Last week the government awarded a £13.8 million contract to operate a new ferry service between Ramsgate and Northern France in the event of a no-deal Brexit – the money going to a company which, as yet, seems to possess no ferries. But that is a minor misuse of public money compared with the costs that the government will impose upon itself if it fails to tackle that other embryonic cross-Channel ferry service – the one being operated by Border Force and RNLI in conjunction with a bunch of thugs with a flotilla of rubber dinghies.
Fresh back from his safari holiday, Sajid Javid today has a chance to respond robustly to the people-traffickers who have so-far brought a trickle of migrants across the Channel, emulating the much bigger human trade across the Mediterranean which has cost thousands of lives over the past few years. He could order the Border Force to intercept the boats, pick up their human cargoes and return them to Northern France, whence they came. If he did this now, he would very quickly destroy any incentive for migrants to pay the traffickers large sums to make the dangerous journey. With atmospheric pressure high this week and the seas calm, he might even succeed in closing down the traffickers before a single life is lost.
Yet the government is in danger of repeating the same error as has been committed in the Mediterranean with fatal results. By intercepting boats and bringing their passengers to British shores we are completing the traffickers work for them. We are, in effect, operating a ferry service – and colluding with criminal gangs who are charging enormous fees to convey people in lethally inadequate boats.
There are some who will try to maintain that picking up migrants mid Channel and returning them to France is illegal under international law. Yet that is not the view of David Wood, a former Home Office official whose job it was to enforce immigration rules. As he pointed out last week, France is a safe country, and so long as UK boats have permission to land migrants on its shores there is no legal or moral issue with that. It is no different, in principle, to a French coastguard picking up a British yachtsman who has got into trouble in the Channel and escorting him back to a UK port.
So why hasn’t the government so far ordered migrants to be taken back to France? It is hard to escape the conclusion that ministers are simply terrified of an adverse reaction from the many charities and pressure groups who have set themselves up as advocates for migration. They fear the political consequences if Lily Allen is filmed blubbing on a French beach in the company of migrants who have been returned there after being picked up in their dinghies, their dreams of a new life in Britain ruined.

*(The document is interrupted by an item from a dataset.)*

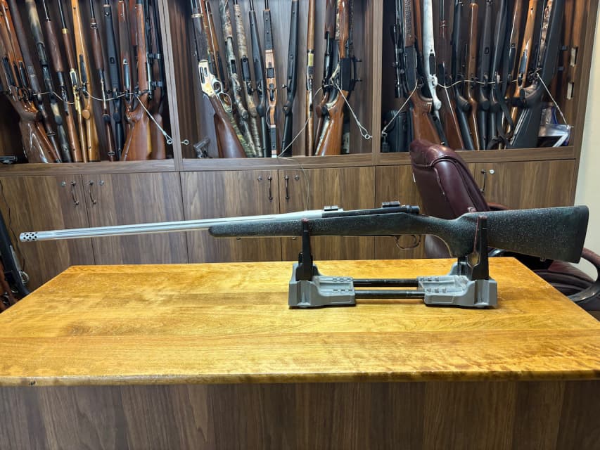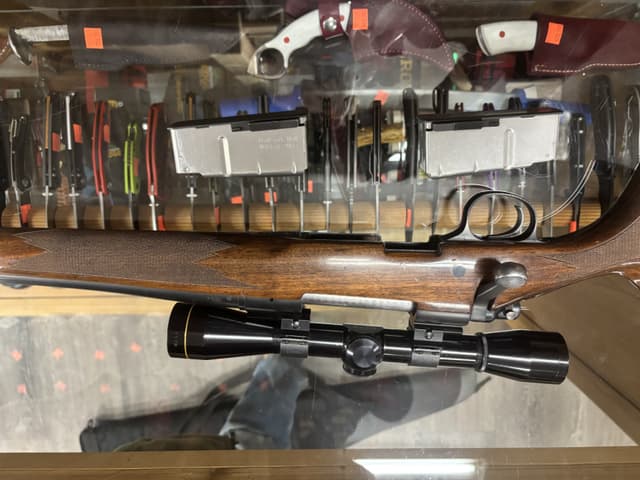 280 Remington with boss, left hand stainless stalker, with stainless lepould scope

But if Javid blinks, the government will face a far, far worse form of negative publicity. When migrants start to drown and children’s bodies start to be washed up on Kentish beaches, it won’t be the people-traffickers who bear the brunt of the public backlash – it will be the Home Secretary.

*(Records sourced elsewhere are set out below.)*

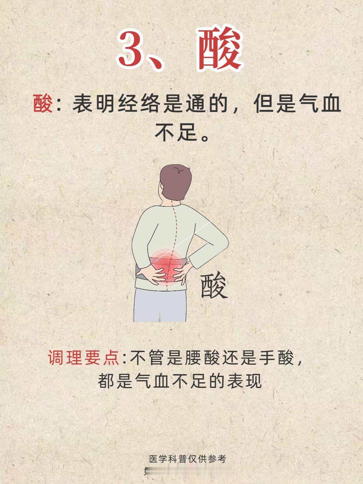 调理要点: 不管是腰酸还是手酸,都是气血不足的表现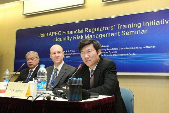 (通讯员:王伟旦)2012年4月16日,由亚太财经与发展中心(AFDC)、中国银行业监督管理委员会(CBRC)和亚洲开发银行(ADB)三方合办的流动性风险培训在上海国家会计学院拉开帷幕。亚太财经与发展中心李扣庆副主任,中国银行业监督管理委员会上海监管局马立新副局长,以及教师代表芝加哥联邦储备银行风险管理专家Adrian D"Silva、Bart Miller出席了开班仪式并讲话。开班仪式由彭润中处长主持。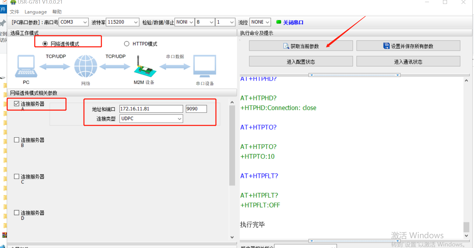 (4)獲取當前參數----設置工作模式為“網絡透傳模式”,

It is not going to be easy defying the liberal voices who will protest if migrants are hooked out of their dinghies and taken back to France. Tales of human misery are already creeping into the discourse – the Guardian carries today a story about an Iranian who is desperate to join his sister in Manchester (though didn’t appear to ask him why he has not taken the proper course of action by claiming asylum in France and then applying to be transferred to Britain in order to join family). But doing anything to encourage migrants to make dangerous journeys in a sea generally far colder and rougher than the Mediterranean will cause far more human misery.